I hope I don’t come across as too cynical about it :) It’s pretty amazing, and the things these things can do in, what, a few gigabytes of weights and a beefy GPU are many, many times better than I would’ve expected if you had outlined the approach for me 2 years ago. But there’s also a long history of GAI being just around the corner, and we do keep turning corners and making useful progress, but it’s always still a ways off after each leap. I remember some people thinking that chess was the pinnacle of human intelligence, requiring creativity and logic to succeed, and when computers blew past humans at chess, it became clear that no, that’s still impressive but you can get good at chess without really getting good at anything else.
It might be possible for an ML model to assemble itself into general intelligence based solely on being fed words like we’re doing, it does seem like the data going in contains enough to do that, but getting that last 10% is going to be hard, each percentage point much harder than the last, and it’s going to require more rigorous training to stop them from skating by with responses that merely come close when things get technical or precise. I’d expect that we need more breakthroughs in tools or techniques to close that gap.
It’s also important to remember that as humans, we’re inclined to read consciousness and intent into everything, which is why pretty much every pantheon of gods includes one for thunder and lightning. Chatbots sound human enough that they cross the threshold for peoples’ brains to start gliding over inaccuracies or strange thinking or phrasing, and we also unconsciously help our conversation partner by clarifying or rephrasing things if the other side doesn’t seem to be understanding. I suppose this is less true now that they’re giving longer responses and remaining coherent, but especially early on, the human was doing more work than they realized keeping the conversation on the rails, and once you started seeing that it removed a bit of the magic. Chatbots are holding their own better now but I think they still get more benefit of the doubt than we realize we’re giving them.
The Turing test was never meant to be a test of a machine’s ability to think. It was meant to boil that question down into a question that can actually be answered, but the original question remains unanswered.
In my opinion, when general AI arrives it will not be an “open debate”, the consequences will be dramatic, far-reaching and rapid.

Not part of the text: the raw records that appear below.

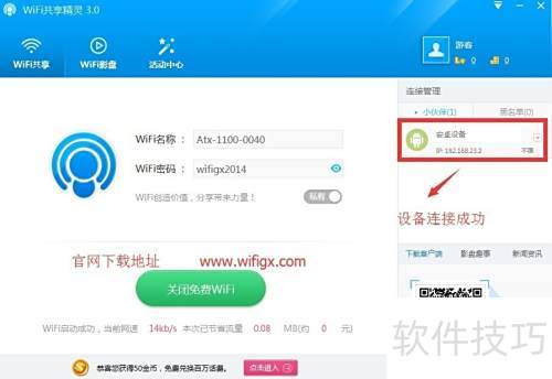 WiFi共享精灵3.0是一款利用电脑无线网卡实现网络共享的工具。只需简单设置,即可将笔记本电脑变为无线热点,让手机、平板等设备共享上网。无需依赖服务器,支持信息收发功能。只要所在区域有WiFi信号,即可通过无线网络连接设备,实现多人共享网络,畅享免费上网体验。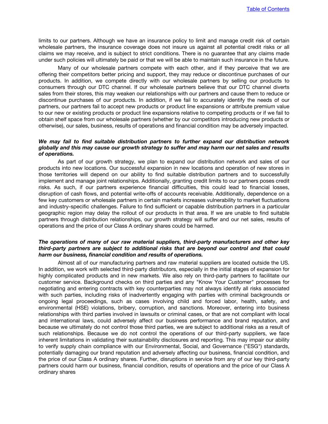 limits to our partners. Although we have an insurance policy to limit and manage credit risk of certain wholesale partners, the insurance coverage does not insure us against all potential credit risks or all claims we may receive, and is subject to strict conditions. There is no guarantee that any claims made under such policies will ultimately be paid or that we will be able to maintain such insurance in the future. Many of our wholesale partners compete with each other, and if they perceive that we are offering their competitors better pricing and support, they may reduce or discontinue purchases of our products. In addition, we compete directly with our wholesale partners by selling our products to consumers through our DTC channel. If our wholesale partners believe that our DTC channel diverts sales from their stores, this may weaken our relationships with our partners and cause them to reduce or discontinue purchases of our products. In addition, if we fail to accurately identify the needs of our partners, our partners fail to accept new products or product line expansions or attribute premium value to our new or existing products or product line expansions relative to competing products or if we fail to obtain shelf space from our wholesale partners (whether by our competitors introducing new products or otherwise), our sales, business, results of operations and financial condition may be adversely impacted. We may fail to find suitable distribution partners to further expand our distribution network globally and this may cause our growth strategy to suffer and may harm our net sales and results of operations. As part of our growth strategy, we plan to expand our distribution network and sales of our products into new locations. Our successful expansion in new locations and operation of new stores in those territories will depend on our ability to find suitable distribution partners and to successfully implement and manage joint relationships. Additionally, granting credit limits to our partners poses credit risks. As such, if our partners experience financial difficulties, this could lead to financial losses, disruption of cash flows, and potential write-offs of accounts receivable. Additionally, dependence on a few key customers or wholesale partners in certain markets increases vulnerability to market fluctuations and industry-specific challenges. Failure to find sufficient or capable distribution partners in a particular geographic region may delay the rollout of our products in that area. If we are unable to find suitable partners through distribution relationships, our growth strategy will suffer and our net sales, results of operations and the price of our Class A ordinary shares could be harmed. The operations of many of our raw material suppliers, third-party manufacturers and other key third-party partners are subject to additional risks that are beyond our control and that could harm our business, financial condition and results of operations. Almost all of our manufacturing partners and raw material suppliers are located outside the US. In addition, we work with selected third-party distributors, especially in the initial stages of expansion for highly complicated products and in new markets. We also rely on third-party partners to facilitate our customer service. Background checks on third parties and any "Know Your Customer" processes for negotiating and entering contracts with key counterparties may not always identify all risks associated with such parties, including risks of inadvertently engaging with parties with criminal backgrounds or ongoing legal proceedings, such as cases involving child and forced labor, health, safety, and environmental (HSE) violations, bribery, corruption, and sanctions. Moreover, entering into business relationships with third parties involved in lawsuits or criminal cases, or that are not compliant with local and international laws, could adversely affect our business performance and brand reputation, and because we ultimately do not control those third parties, we are subject to additional risks as a result of such relationships. Because we do not control the operations of our third-party suppliers, we face inherent limitations in validating their sustainability disclosures and reporting. This may impair our ability to verify supply chain compliance with our Environmental, Social, and Governance ("ESG") standards, potentially damaging our brand reputation and adversely affecting our business, financial condition, and the price of our Class A ordinary shares. Further, disruptions in service from any of our key third-party partners could harm our business, financial condition, results of operations and the price of our Class A ordinary shares Table of Contents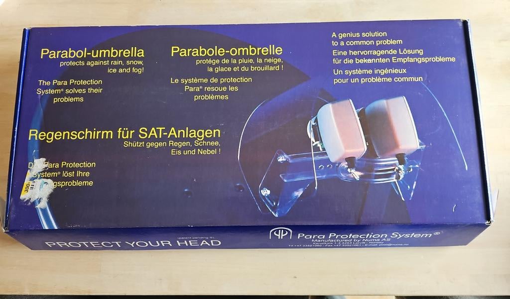 - Goobay 67190 Protection tête parabole neuveGoobay 67190. Couleur du produit: transparent, matériel: acrylonitrile-butadiène-styrène (abs), polypropylène (pp). Poids: 396 g le couvercle de protection contre les intempéries du lnb garantit une iEnlèvement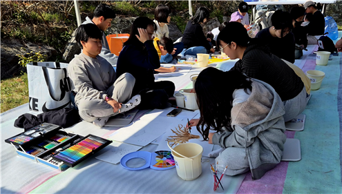 어린이들이 금사정 동백나무의 선비 정신을 마음에 새기며 사생대회에 참가해 저마다의 그림을 완성해 가고 있다. 사진=김동애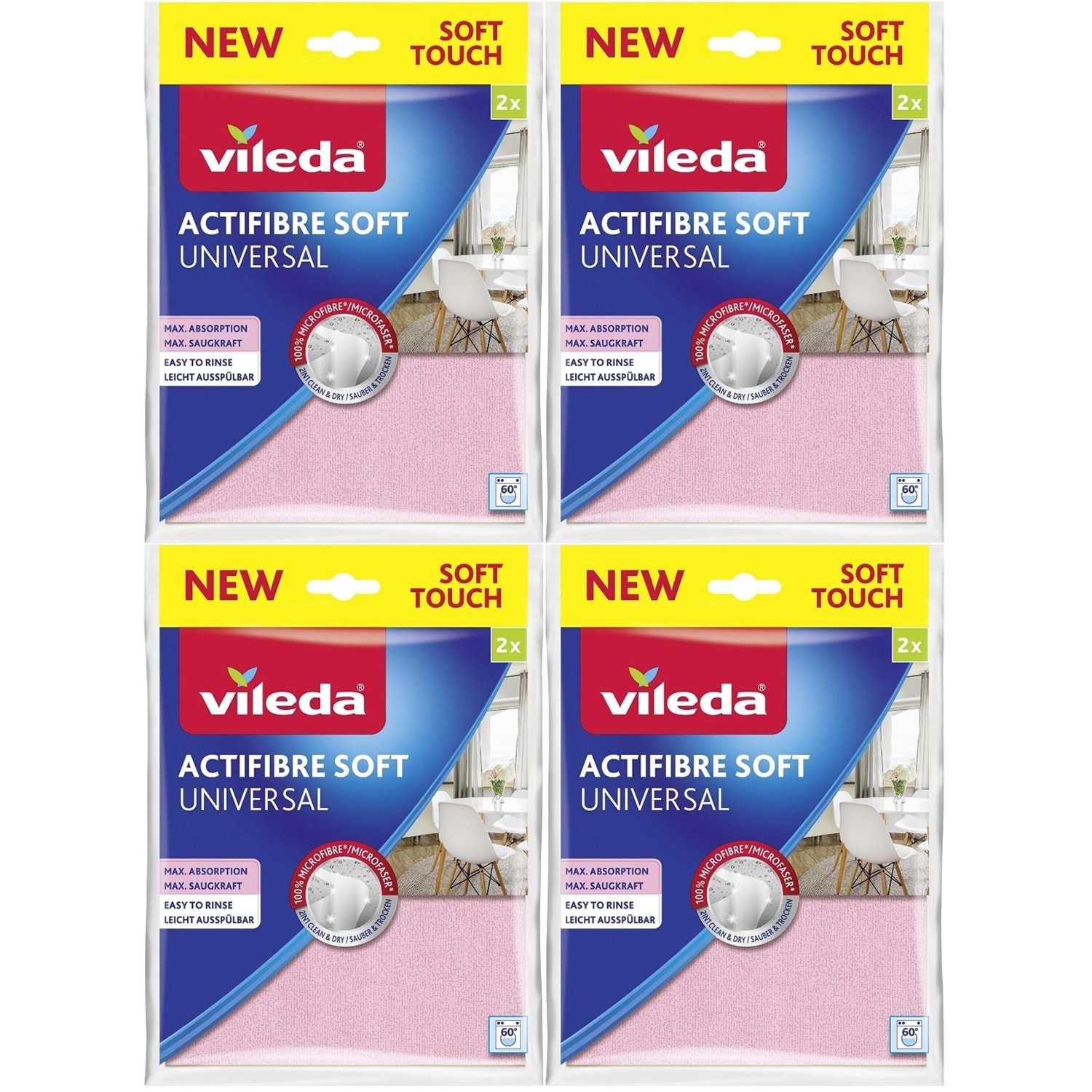 Vileda Actifibre Soft Universal New Soft Touch (Paket içi 2 Li) (4 Lü Set)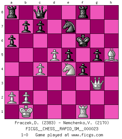 Last move : 1-0 2020 September 2 8:41:21 [Event "FICGS__CHESS__RAPID_SM__000023"] [Site "FICGS"] [Date "2020.06.21"] [Round "1"] [White "Fraczek,Dariusz"] [Black "Nemchenko,Valery"] [Result "1-0"] [WhiteElo "2383"] [BlackElo "2170"] 1.d4 Nf6 2.c4 g6 3.g3 Bg7 4.Bg2 O-O 5.Nc3 d6 6.Nf3 Bg4 7.h3 Bxf3 8.Bxf3 Nc6 9.e3 Nd7 10.Bg2 e5 11.d5 Ne7 12.e4 f5 13.h4 Nf6 14.Bg5 Qe8 15.Qd3 h6 16.Bxf6 Bxf6 17.O-O-O a6 18.h5 gxh5 19.Bf3 Bg5+ 20.Kb1 Kg7 21.Bxh5 Qc8 22.f4 exf4 23.gxf4 Bxf4 24.Rdg1+ Bg5 25.Rxg5+ hxg5 26.Qg3 Kf6 27.Rf1 f4 28.e5+ dxe5 29.Ne4+ 1-0 King's Indian : 3.g3 Kingside Castling by player Black (move 4) Queenside Castling by player White (move 17) Player White won this chess game. Follow this game move after move (download)There must have been a time when men were demigods, or they could not have invented Chess. (Gustav Schenk) Kann Schach nicht schließlich das Nationalspiel der Deutschen werden? Und welche weiteren Ausblicke bieten sich dann dar! Welche Hebung des allgemeinen Kultur-Niveaus, ja der Moral, wenn das Schachbrett den Kartentisch verdrängen würde! Wahrlich, ein Ziel, des Schweißes der Edlen wert! (Siegbert Tarrasch) No es una movida, aún la mejor movida que tu debas buscar, sino un plan comprensible. (Eugene Znosko-Borovsky) Le moment que je préfère le plus dans une rencontre, c'est celui où je sens que la personnalité de l'adversaire se brise. (Robert Fischer) Whoever said the pen is mightier than the sword obviously never encountered automatic weapons. (US General Douglas MacArthur)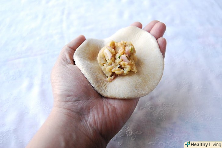 Візьміть цей гурток в ліву руку і покладіть в центр трохи начинки.

I’m not even thinking of the Turing test, I’m thinking of the counter-example ones. Like asking how many eyes a ruler or desk has. Earlier GPTs would answer “one eye” or something, and it was used by the Chinese-room people as an example of why it was just a mimic. Now it correctly objects to the implicit assumption in the question.
You’re right, “ChatGPT is currently our overlord” would be the strongest proof of intelligence. But absence of proof is not proof of absence. What is proof of absence, or a strong enough proof of presence is where the debate is.